Ranier Maria Rilke, from Duino Elegies

“No really, I am such a GRANDMA,” the supermodel and Victoria’s Secret Angel Ilka protests. She is sitting crosslegged and coltish in the armchair next to me at our extravagantly-set lunch table in the oval dining room in a private luxury villa at Caesar’s Palace, ordinarily reserved for high-rollers or narco-state dictators. It’s a $27,000-per-night marble extravaganza, hidden in of the back labyrinths of the casino, away from the flipflop-wearing Great Unwashed; it is full of lush squiggly carpets, real art, and deep pink bathtubs, multiple fireplaces, important dead Romans. Today, it has been reserved for Ilka’s photo shoot. 
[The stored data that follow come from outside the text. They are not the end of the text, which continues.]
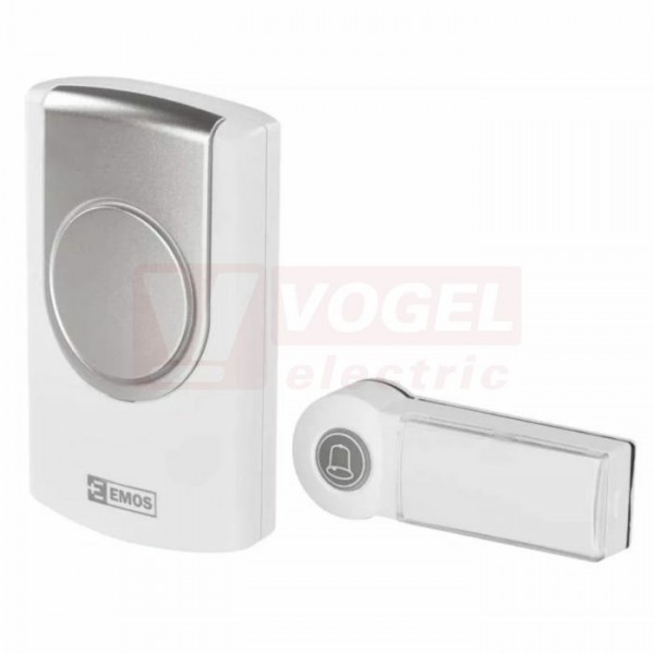 Zvonek domovní bezdrátový 98098, barva bílá, dosah 100m, přijímač na 3x1,5V AA, 36 melodií, optická signalizace na tlačítku, přídavné tlačítko P5723T, napájení tlačítka 1x3V CR2032, 75dB, 433MHz (P5723)
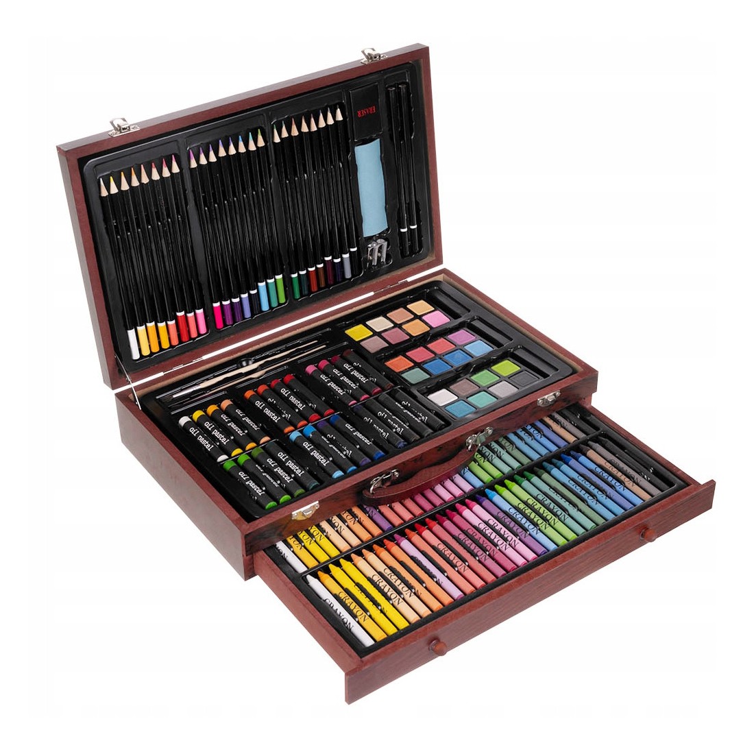 DALY Mallette en bois kit dessin et peinture 143 pièces pour enfants.
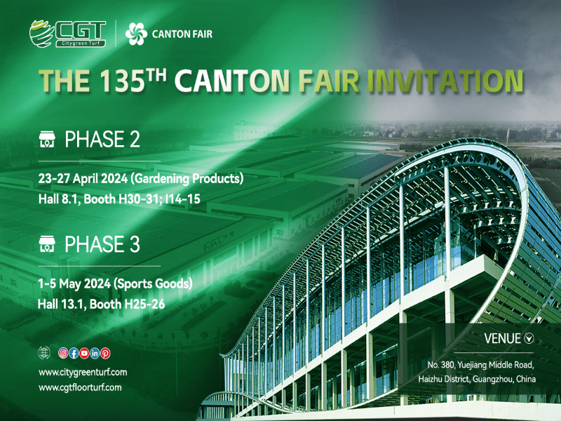 إذا كنت بحاجة إلى عشب كرة القدم أو عشب الترفيه أو أرضيات الرياضة أو ملاعب البادل أو العشب الصديق للبيئة أو أي عشب صناعي متعدد الوظائف، فنحن ندعوك أنت وشركتك بصدق لزيارة جناحنا في معرض كانتون. أقيم معرض الاستيراد والتصدير الصيني رقم 135، المعروف أيضًا باسم معرض كانتون، عبر الإنترنت وخارجه في مدينة قوانغتشو بمقاطعة قوانغدونغ من 15 أبريل إلى 5 مايو 2024. وهو أقدم وأكبر وأكثر المعارض التجارية تمثيلاً في الصين.
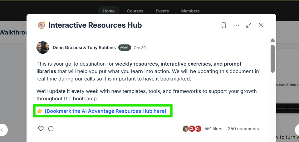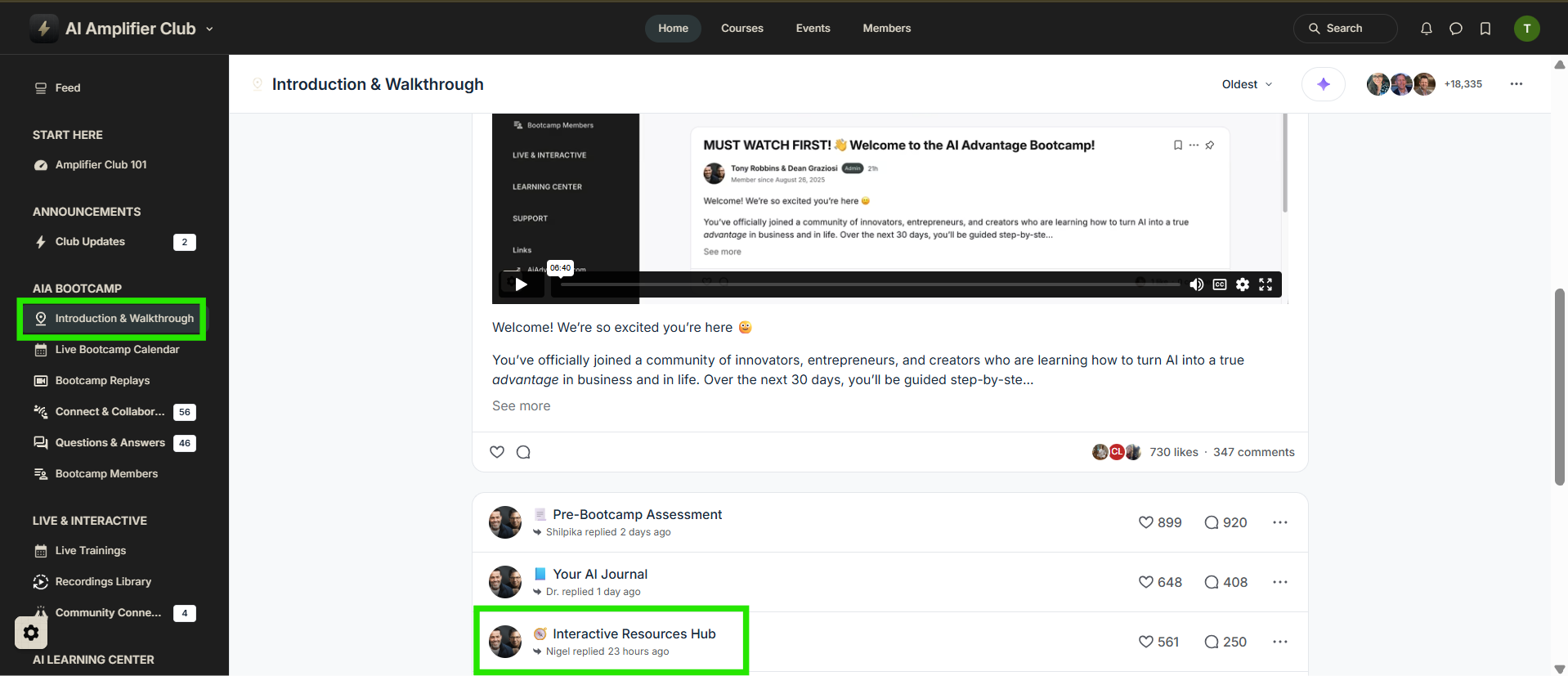 AI Amplifier Club —> Introduction & Walkthrough tab under the AIA Bootcamp Section —> Scroll down and locate the Interactive Resources Hub:
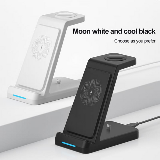 3 in 1 Wireless Charging Station, 15W Fast Charge, Just Put and Charge, Multifunction Using (Black)
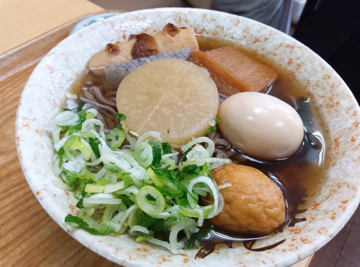 駅そばメニューで立川以上のガチ感を漂わせるおでんそばに出会った。立川駅そばはがんもどき、玉子、さつま揚げのどれか1種か、がんもどき+玉子の組み合わせだけど、こちらの「おでんそば(税込860円)」は……

I have been lurking around for hours trying to find a moment to chat with her. 

Ilka’s long delicate fingers are tweezing inch-size bites of romaine lettuce from a gold china plate; occasionally she pops one from her glossy pink nails into her glossy pink mouth. I am rolling my eyes on the inside, because for Ilka, this is “eating lunch.”  The translucent white silk robe she is casually falling out is her version of “wearing clothes” (although to be fair, it is the first fabric to cover her upper body all day.) It is around 3 in the afternoon; Ilka has already put in a long morning, rolling around in a top-shelf sexual lather on a white bed in a room with silver paisley wallpaper, before an audience of 7-10 people including the deliriously pleased photographer, several dead-serious wardrobe women, makeup and hair stylists, and a SWAT team of other lighting, technical, and whim-catering professionals.

‘Oh COME ON,” I said, mock-bullying her in my authoritative ‘Little Girl I Am A Terrifying New York Gorgon” -voice…because the last thing this kid reminds anyone of is anyone’s Grandma.

I want Ilka to speak more freely than she actually wants to. I want to ask her manly, butch questions, because this is a men’s magazine, I am a feminist, this is Las Vegas, and she is a Victoria’s Secret model.  I am trying to establish a solid compartmental line — at least in my own head - between Professional Beauty and Professional Sex, particularly in a world where Playboy magazine has forsaken the pinup and any women’s high-fashion magazine contains editorials that would be serviceable porn in any previous decade. This distinction is especially blurry in Vegas, where there are motorized billboards of would-be Ilkas in lingerie being driven down the strip in various chrome-mudflap/pinup poses to advertise the local escort services, and Ilka is here because of her starring role in what is arguably the most extravagant lingerie-show on earth. 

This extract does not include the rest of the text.